Figure 6. NCC-restricted Smad7 over-expression results in decreased TGFβ and BMP signaling

(A–H) pSmad2 immunohistochemistry on E10.5 sagittal sections demonstrated that TGFβ signaling is reduced in both craniofacial and cardiovascular tissues colonized by NCC within trigenic (B,D,F) embryos fed doxycycline at E7.5 when compared to control littermates (A,C,E) but that pSmad2 expression is unaffected within control (G) and trigenic (H) ventricles. Note that pSmad2-positive cells (brown staining) are significantly reduced within the trigenic mesenchymal nasal process and the overlying epithelium (* in B), as well as within the 1^st pharyngeal arch mesenchyme and overlying epithelium (* in D). Similarly, there is almost a complete absence of pSmad2-positive NCC around the trigenic aortic sac and within the truncal region of the OFT (F). (I–P) pSmad1/5/8 immunohistochemistry on E10.5 sagittal sections similarly demonstrated that Bmp signaling is attenuated in both craniofacial and cardiovascular tissues colonized by NCC within trigenic (J,L,N) embryos fed doxycycline at E7.5, when compared to control littermates (I,K,M) but that pSmad2 expression (brown staining) is unaffected within control (O) and trigenic (P) ventricles to which NCC do not contribute. Sections were counterstained with 0.05% toluidine blue. Abbreviations: mes, mesenchyme of 1^st arch; as, aortic sac. Bars in B,G,J,O=10μm.

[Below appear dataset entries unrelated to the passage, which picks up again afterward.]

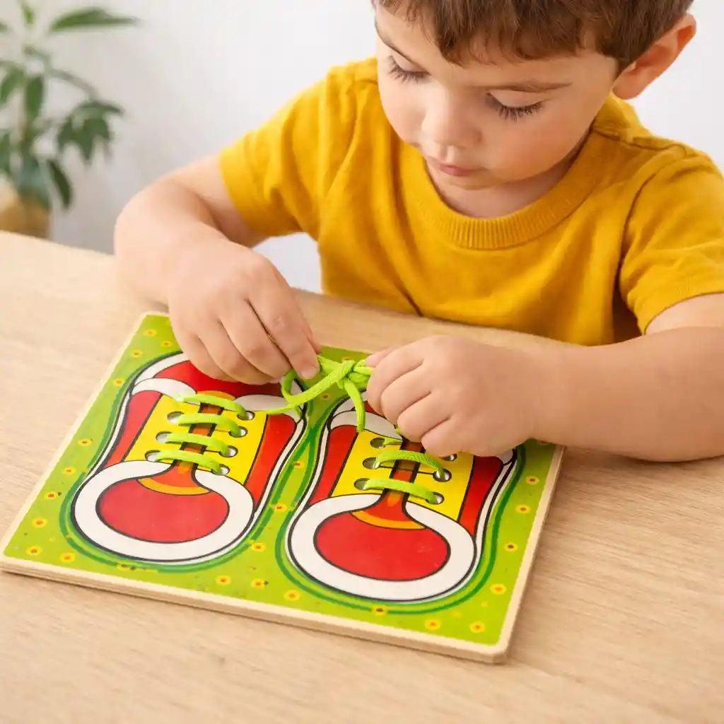 Este práctico y entretenido juguete educativo está diseñado para ayudar a los niños a aprender a amarrar cordones de forma fácil y divertida. Con forma de zapato y fabricado en madera resistente, permite practicar una habilidad esencial para la vida diaria mientras se desarrollan capacidades motoras. Ideal para el aprendizaje temprano bajo metodología Montessori, fomenta la autonomía, la coordinación y la concentración en los más pequeños.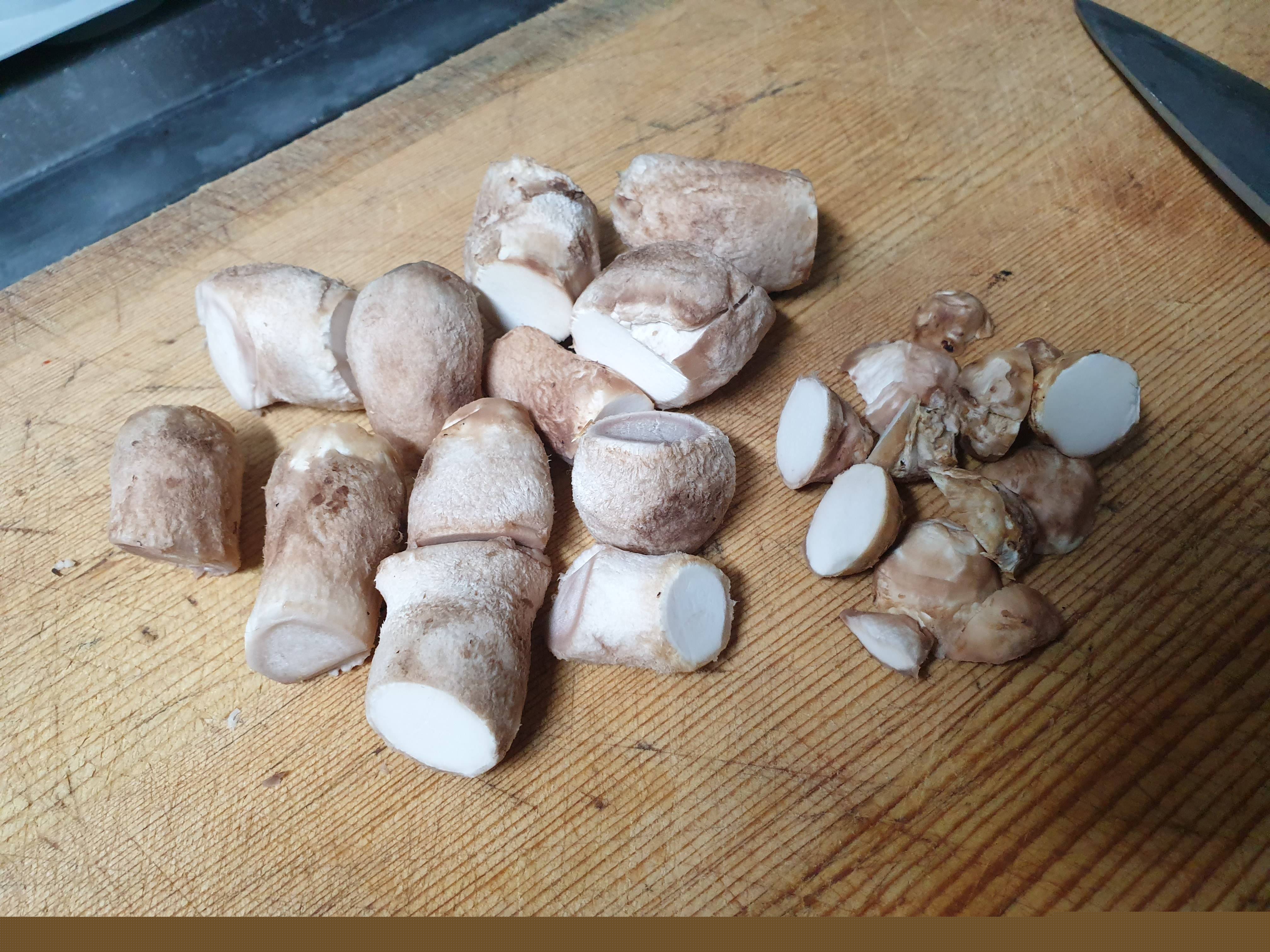 보통 밑둥이랑 갓이랑 식감이 따로 노니깐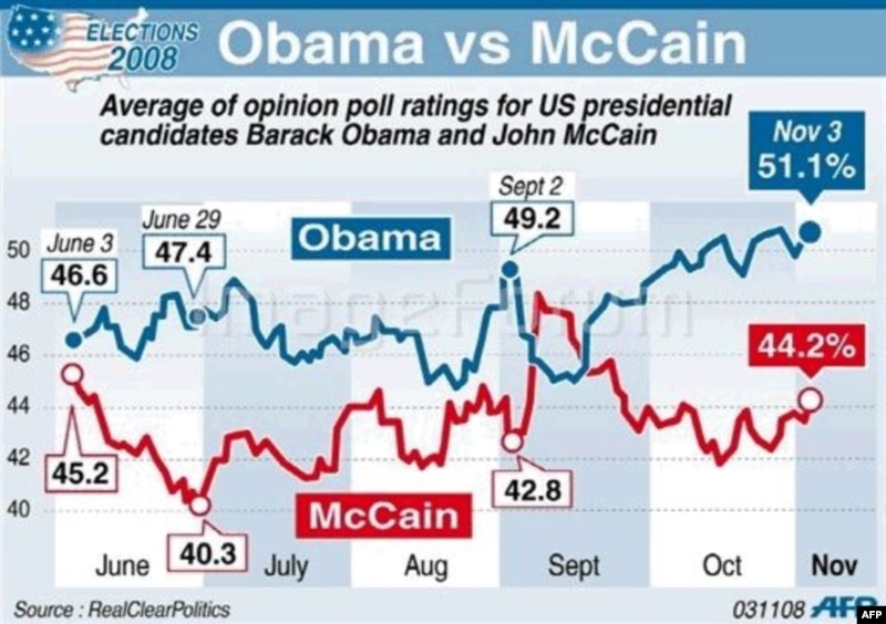 Амаль усе апытаньні грамадзкай думкі паказваюць, што кандыдата ад Дэмакратычнай партыі Барак Абама захоўвае перавагу над сваім рэспубліканскім супернікам Джонам Маккейнам.

Figure 7. Molecular marker analysis of E10.5 trigenic mutant phenotype

Radioactive in situ hybridization detection of Crabp1 (A,B), Ap2α (C,D) and Fgf8 (E,F) mRNA in control (A,C,E) and trigenic mutants (B,D,F) fed doxycycline at E7.5. (A,B) Transverse sections through the OFT region of trigenic mutants reveal that Crabp1 expression is reduced within the pharyngeal arch region around the foregut (indicated by * in B) and along the NCC migration routes around the dorsal aorta, but not within the thoracic body wall (arrows). (C,D) Sagittal sections of trigenic mutants indicate that Ap2α expression is reduced in the trigenic nasal process (* in D) and that Ap2α is ectopically expressed within the mesenchyme of 1^st arch (arrow) when compared to control littermate (C). (E,F) Sagittal sections of trigenic mutants also reveal that Fgf8 expression is upregulated within the epithelium overlying the nasal process (* in F) and 1^st arch mesenchyme (arrow in F) but that trigenic Fgf8 expression within the neural epithelial layer of the optic cup is comparable with control expression levels. Abbreviations: da, dorsal aorta; oft, outflow tract; e, eye.

Figure 8. Analysis of E14.5 Smad7 trigenic heart phenotypes fed doxycycline at E10

(A,B) Control and trigenic littermate OFT regions sectioned transversely and stained with H&E. Note both the control (A) and trigenic (B) left and right lobes of the thymic rudiment are normally situated and unaffected by myc-Smad7 induction (n=4 trigenic and 5 control fetuses). However, the trigenic OFT truncal endocardial cushions are smaller and the lumen of the outlet of the right ventricle is abnormally dilated (arrow in B). (C,D) Additionally, the trigenic embryo exhibits an isolated VSD (arrow in D) but the control heart is septated normally (C). (E,F) To lineage map both the trigenic and control post-migratory NCC populations, R26rlacZ reporter mice were crossed with Smad7 trigenic mice. Transverse sections through the E13.5 OFT revealed similar patterns of cardiac NCC (blue) within the aorticopulmonary septum (not shown) and valves in both control (E) and trigenic (F) littermates. Note that trigenic cardiac NCC are still present and that the valves are normal. (G,H) α-SMA staining showed that myocardialization occurs normally in both E13.5 control (G) and trigenic (H) hearts. Note active myocardialization of endocardial cushions at base of the OFTs (indicated by *). (I,J) TUNEL staining (brown) revealed that both the patterns and level of apoptosis (indicated by arrows) are grossly similar in E13.5 control (I) and trigenic (J) OFTs. Abbreviations: thy, thymic lobes; rv, right ventricle.